**WHAT TO DO**
For the records below, copy exactly the span that begins at the line containing "설치를 클릭하면 다음과 같이 화면이 나타나며 설치가 진행됩니다." and stops after the line containing "Mazlicí hračka s", minus any pictures.

**THE DATA**
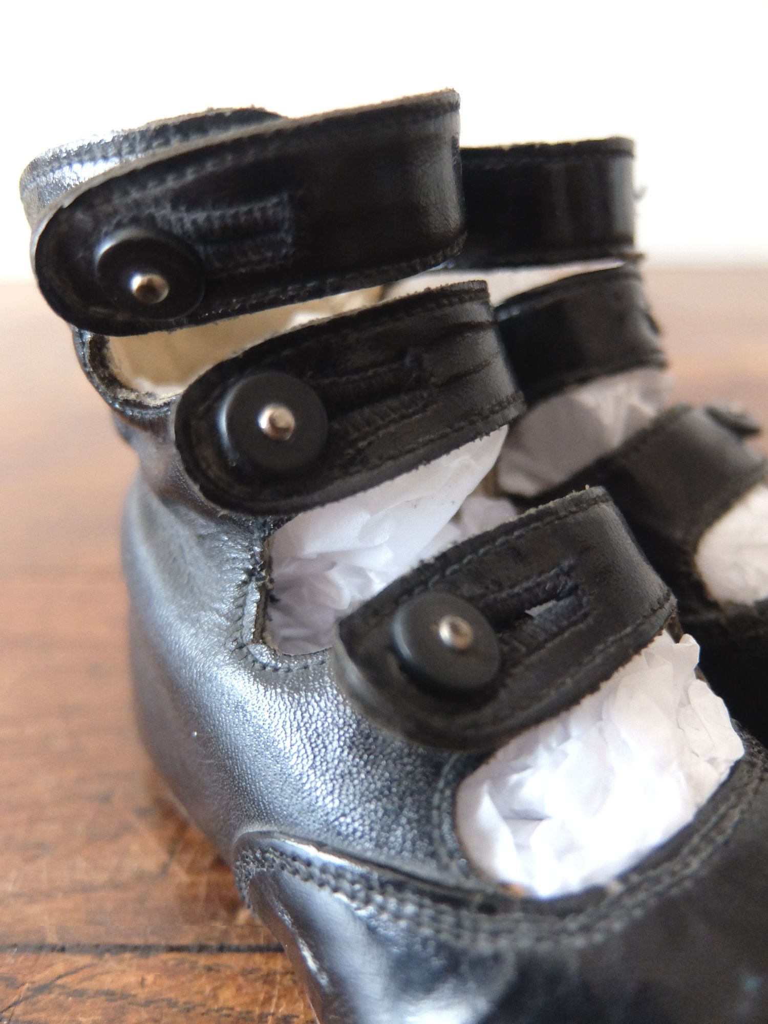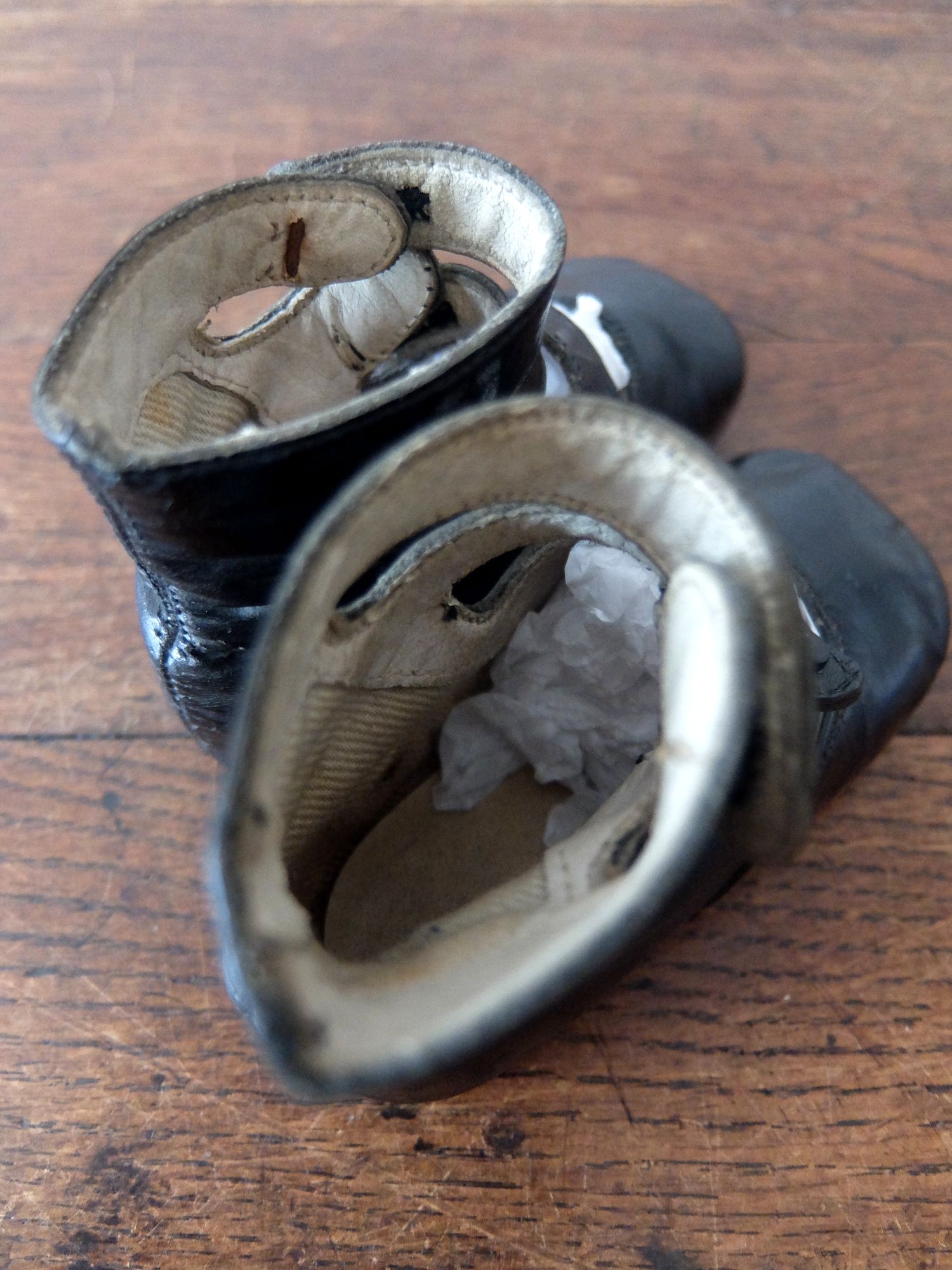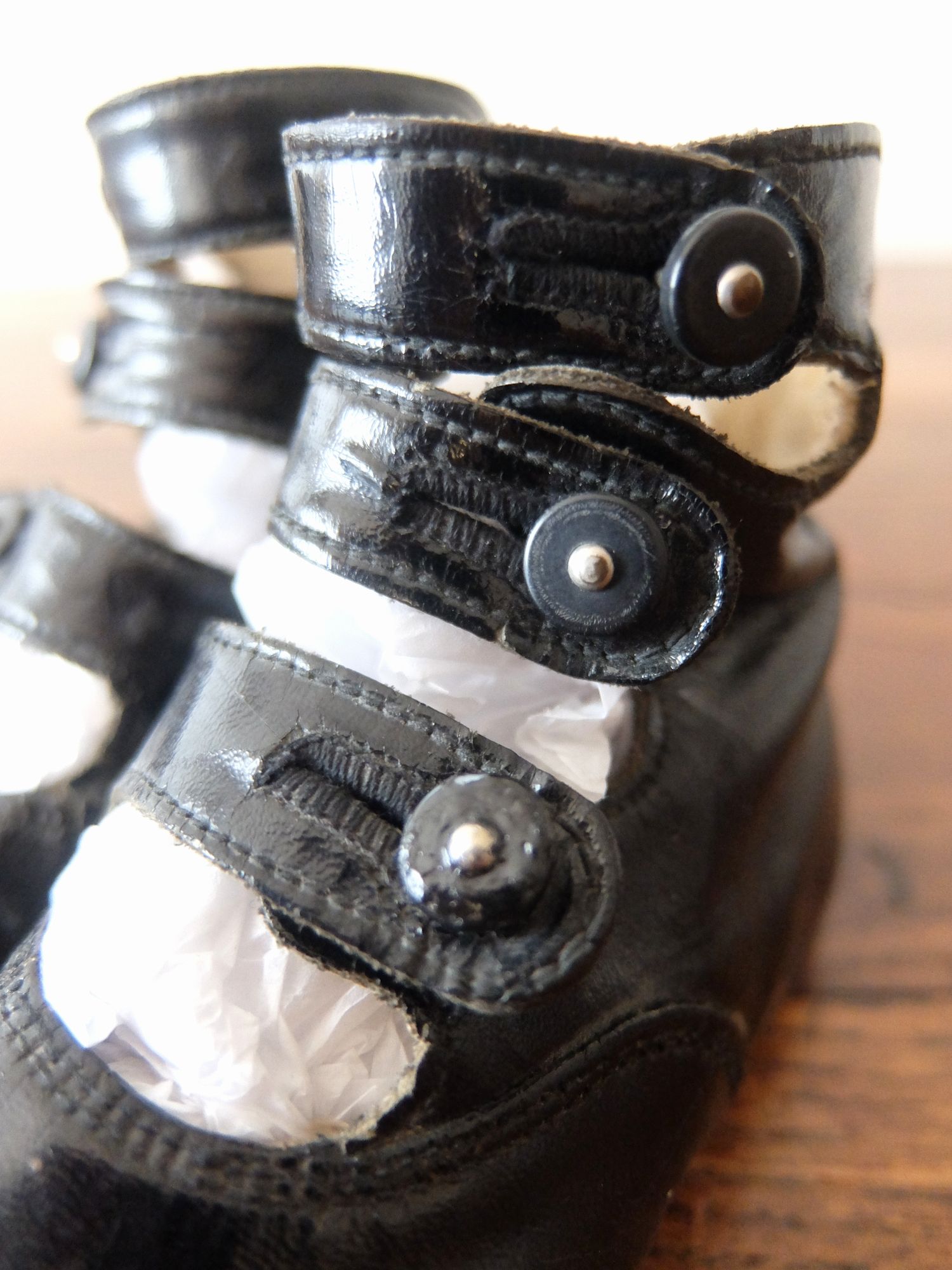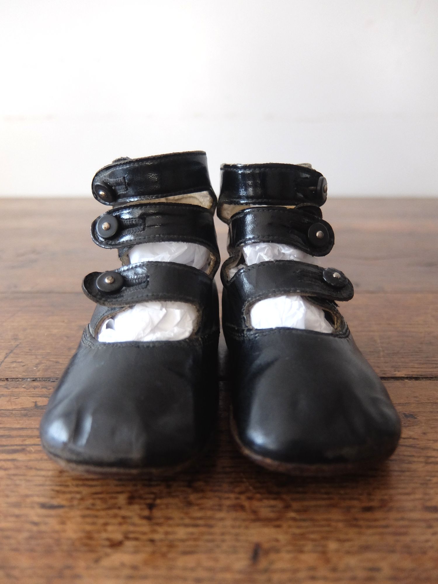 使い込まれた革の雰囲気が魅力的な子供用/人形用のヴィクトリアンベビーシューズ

* * *

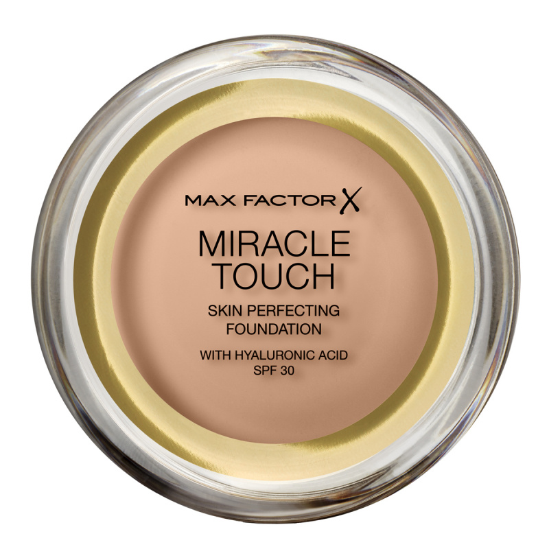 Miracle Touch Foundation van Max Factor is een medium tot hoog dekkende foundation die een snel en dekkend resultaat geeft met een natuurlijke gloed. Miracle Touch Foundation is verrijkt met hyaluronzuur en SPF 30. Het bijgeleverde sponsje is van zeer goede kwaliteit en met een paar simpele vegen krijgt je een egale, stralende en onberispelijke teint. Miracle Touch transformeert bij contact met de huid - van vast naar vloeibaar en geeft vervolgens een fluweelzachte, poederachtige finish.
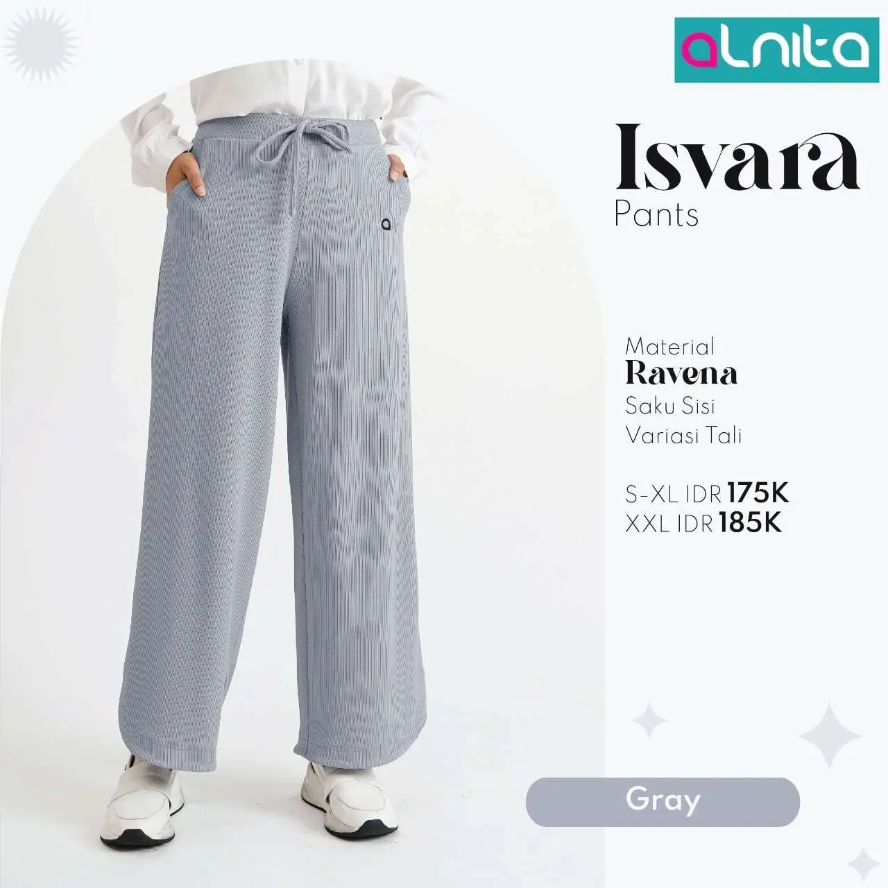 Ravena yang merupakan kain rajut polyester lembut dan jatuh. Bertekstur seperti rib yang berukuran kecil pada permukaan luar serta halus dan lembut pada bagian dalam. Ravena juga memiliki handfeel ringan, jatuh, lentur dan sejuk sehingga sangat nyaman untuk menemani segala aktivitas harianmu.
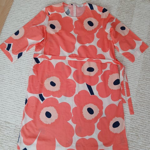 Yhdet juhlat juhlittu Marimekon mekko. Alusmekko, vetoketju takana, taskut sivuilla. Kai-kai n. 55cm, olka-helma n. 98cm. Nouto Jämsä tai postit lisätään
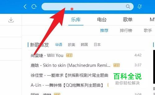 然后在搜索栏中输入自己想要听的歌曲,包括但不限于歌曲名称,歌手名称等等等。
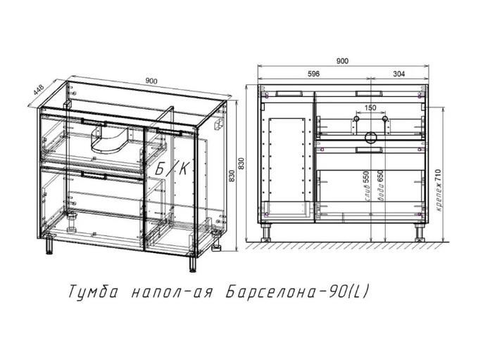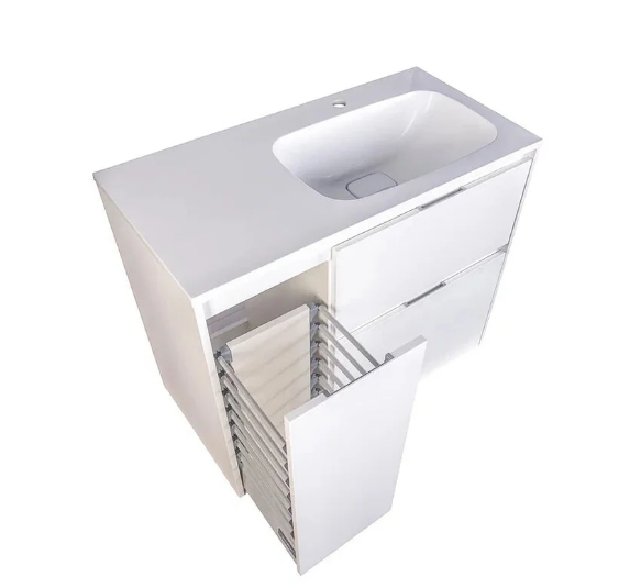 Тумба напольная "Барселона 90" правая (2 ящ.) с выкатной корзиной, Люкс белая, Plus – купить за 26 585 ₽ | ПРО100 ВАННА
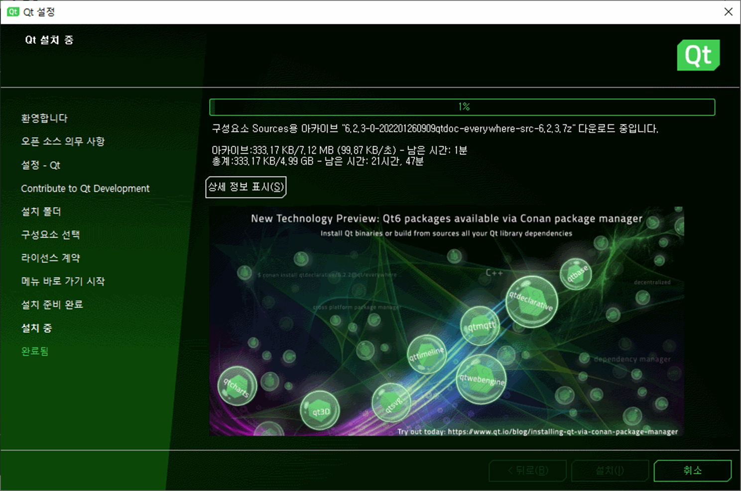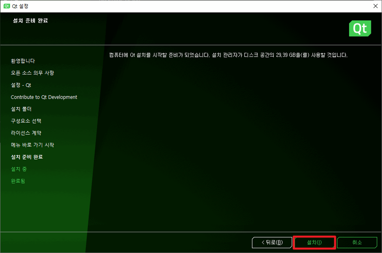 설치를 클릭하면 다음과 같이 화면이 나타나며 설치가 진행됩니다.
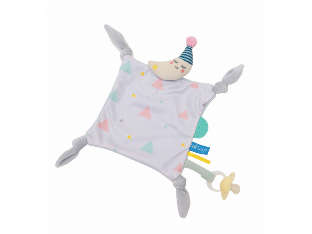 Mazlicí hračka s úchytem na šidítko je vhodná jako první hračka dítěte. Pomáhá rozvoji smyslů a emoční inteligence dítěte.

**EXERCISE ANSWER**
 설치를 클릭하면 다음과 같이 화면이 나타나며 설치가 진행됩니다.
 Mazlicí hračka s úchytem na šidítko je vhodná jako první hračka dítěte. Pomáhá rozvoji smyslů a emoční inteligence dítěte.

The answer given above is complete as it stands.